**DATA PROVIDED:**
^^^^

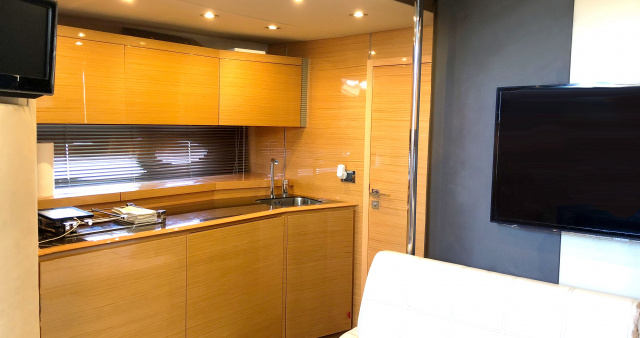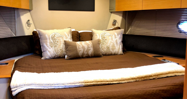 Lounge area saloon has a wood non slip stairway to below deck with courtesy and night lights. Top grade wood flooring and modern furniture. Large LCD TV with satellites, strong stereo system with sub-woofer.
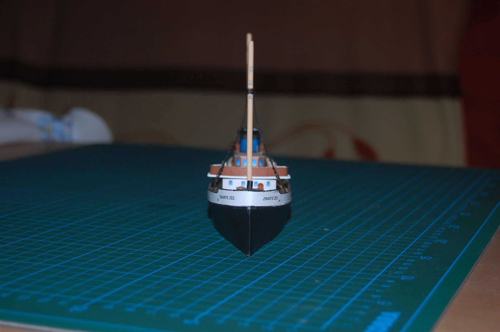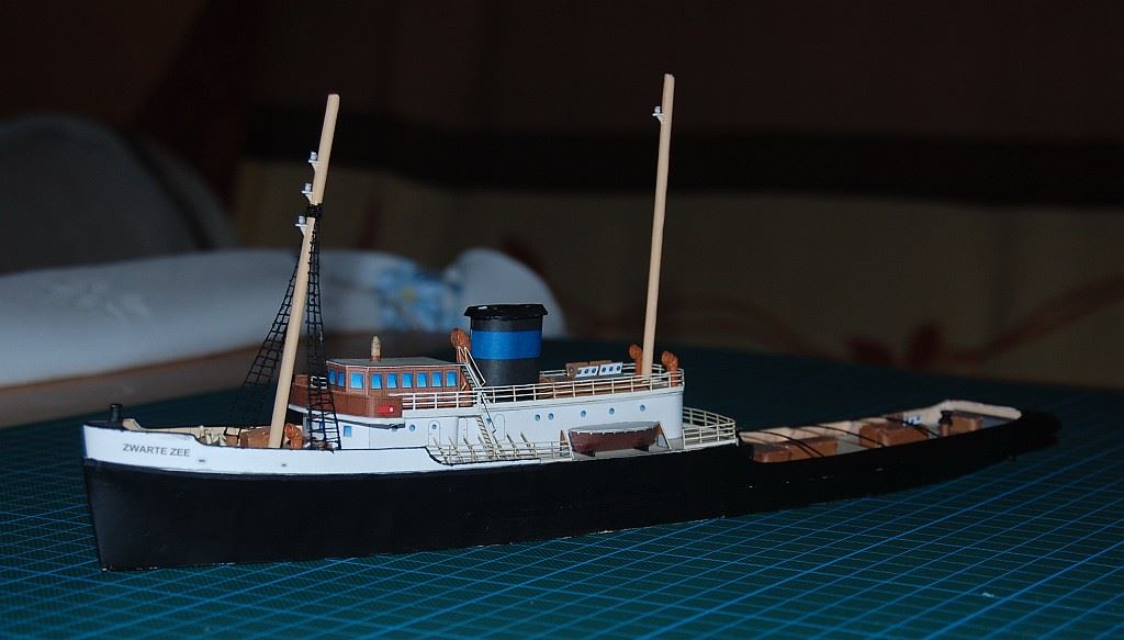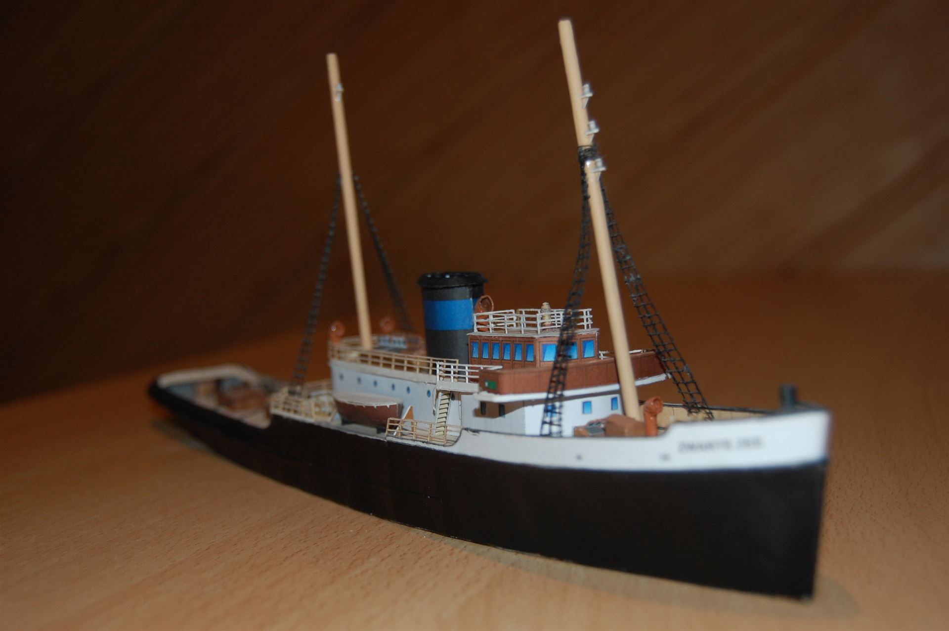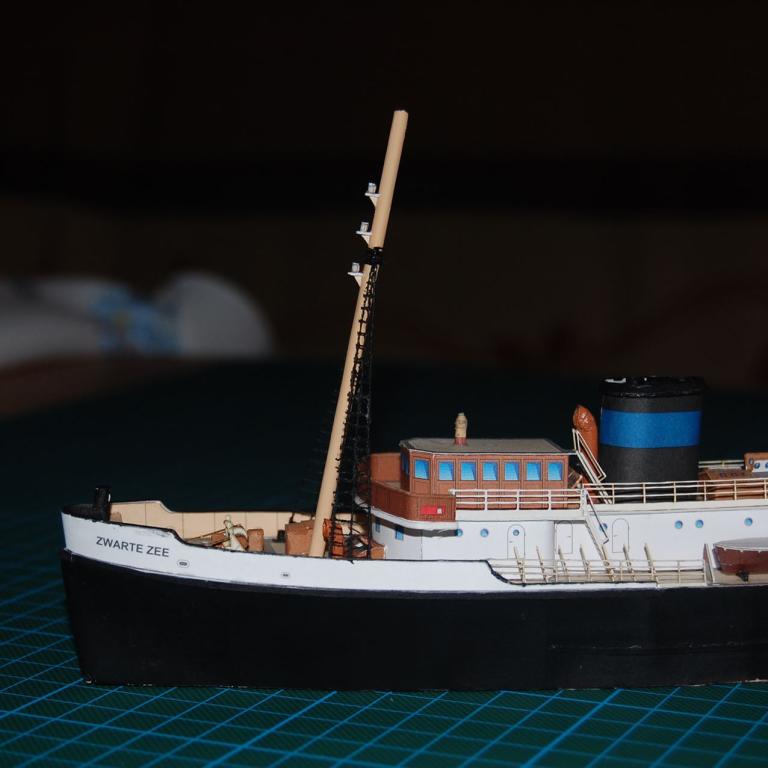 Als erstes Projekt nehme ich ein Kartonmodell des "Zwarte Zee" in Angriff. Dies schien mir ein nicht zu schweres Modell zu sein, aber ich habe mich getäuscht. Dazu in weiteren Artikeln mehr. Im Hintergrund ist der Umschlag des Modellbaubogen zu sehen. Der Bogen wurde für einen Modelbauclub aus den Niederlanden entworfen, hat aber auch eine deutsche Anleitung. Im Vordergrund ist das schon fertiggestellte Spantengerüst zu sehen. Im weiteren Verlauf wurde das Unterwasserschiff wieder entfernt. Ohne diesen Teil baut es sich besser, da der Rumpf so fest auf der Bauunterlage aufliegt. Nun ging es weiter mit dem Rumpf und dem Deck. Die Seitenwände bestehen auf jeder Seite aus einem Teil und wurden von Spant zu Spant aufgeklebt.
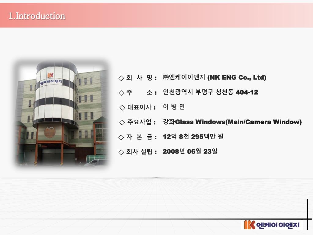 Company Profile. NKEng Co.,Ltd 2013. Rev.00. 1.Introduction. 2 . NK Eng History. 2008 년 06 월 법인 설립 : 인천광역시 계양구 계산 2 동 922-4 07 월 PANTECH 계열 협력 업체 등록 ▶ 일본 KDDI 모델 : ELDER3 강화 GLASS WINDOW 개발완료 및 양산 개시 08 월 자본금 증자 (1 억 3 억 )
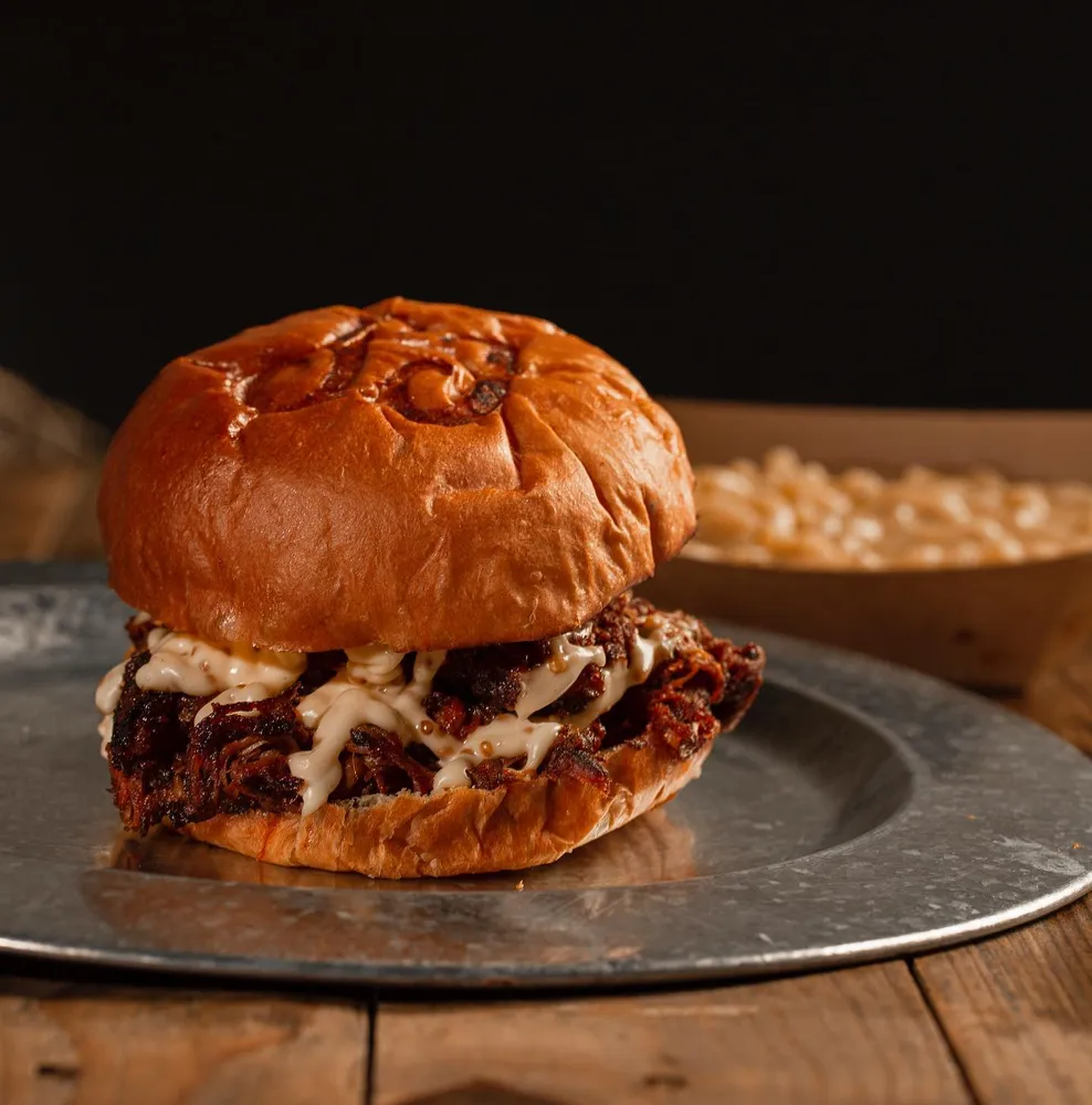 Sandwich de carne de cerdo ahumada desmenuzada, con salsa bbq y mayonesa con mostaza antigua
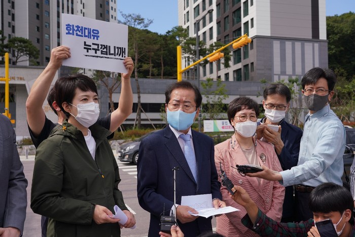 홍 후보는 “제가 대통령이 되면 칼잡이 대통령이 되지 않으려 했다. 정치보복을 안하겠다고 했지만 (화천대유 사건은) 서민들의 피를 빨아먹는 거머리 떼들의 문제다. 회사이름에서부터 대선 프로젝트였다”며 “철저히 파헤쳐서 (부당이익을) 전부 공공에 환수해야한다. 그냥 둘 수 없다”고 주장했다.

^^^^

**HOW TO COMPLETE THIS TASK:**
No pictures belong in the copy. Return exactly the lines from the line containing "Sandwich de carne" through the last line of the listing.

**WRITTEN ANSWER:**
 Sandwich de carne de cerdo ahumada desmenuzada, con salsa bbq y mayonesa con mostaza antigua
 홍 후보는 “제가 대통령이 되면 칼잡이 대통령이 되지 않으려 했다. 정치보복을 안하겠다고 했지만 (화천대유 사건은) 서민들의 피를 빨아먹는 거머리 떼들의 문제다. 회사이름에서부터 대선 프로젝트였다”며 “철저히 파헤쳐서 (부당이익을) 전부 공공에 환수해야한다. 그냥 둘 수 없다”고 주장했다.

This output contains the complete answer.